It’s been kind of obvious since Hanjin assets have already been in the process of being sold off in recent weeks, but a South Korean court finally made it official yesterday: it will formally end Hanjin Shipping’s court receivership process in two weeks.

The implications of the ruling are that the Seoul court found that the South Korean shipping company, once the seventh largest in the world, is not a candidate for rehabilitation and that liquidation is the course that maks the most sense. The court was in reality stating the obvious as Hanjin assets were already undergoing liquidation.

But the formal announcement of bankruptcy will be made by the Seoul Central District Court on February 17, 2017, at which point the Hanjin legacy will be over.

An accounting firm engaged by the court estimated the liquidation value of the shipping line at $1.56 billion adding that the liquidation of the debt-saddled shipping line is “more economical” than attempting rehabilitation.

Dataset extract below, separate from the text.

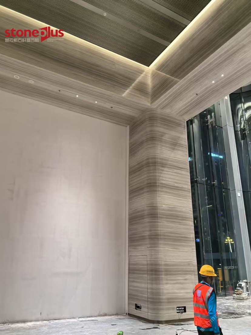 發(fā)布信息: 澳門中心位于廣州市黃埔區(qū)魚珠片區(qū),項目定位為商業(yè)商務(wù)綜合體打造以港澳特色為主的、有國際影響力的科技金融和數(shù)字經(jīng)濟(jì)總部基地,并大力引入澳門文化和商業(yè)業(yè)態(tài),打造充滿澳門風(fēng)情的文創(chuàng)藝術(shù)街區(qū),實(shí)現(xiàn)科技金融產(chǎn)業(yè)一體化、粵澳葡三地合作一體化。 其中大樓室內(nèi)墻面采用白木紋復(fù)合鋁蜂窩,預(yù)埋螺栓打孔后再進(jìn)行復(fù)合,到現(xiàn)場進(jìn)行干掛安裝;包柱采用白木紋復(fù)合鋁蜂窩平板拼弧工藝,對手加工工藝要求較高,我們普拉斯加工對品質(zhì)的追求與現(xiàn)場的安裝效果相得益彰。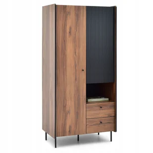 Szafa z szufladami 88 cm NORLAN - orzech / czarny

Hanjin, formed in 1977, was South Korea’s largest shipping company before it collapsed in August 2016 under a debt load of over $5 billion.

In recent weeks, Hanjin assets have been sold piecemeal, with Hyundai Merchant Marine snapping up Hanjin’s terminal in Algeciras, Spain, and a subsidiary of Mediterranean Shipping Company acquiring Hanjin’s stake in terminal operator TTI, which operates terminals at the ports of Long Beach and Seattle. The latter transaction required intervention of the a US bankruptcy court in New Jersey, which consulted with its counterpart in Seoul before approving the deal.

Drewry, the global maritime consultancy, estimates that 31 of 98 ex-Hanjin ships have found sold, fetching a total of $460 million. The rest of the fleet, with an estimated capacity of 460,000 TEU, remain idle. Hanjin’s demise in August had an immediate impact on the growing idle containership fleet, which surged, according to Drewry, from 904,000 TEU in mid-August to 1.7 million TEU in mid-November.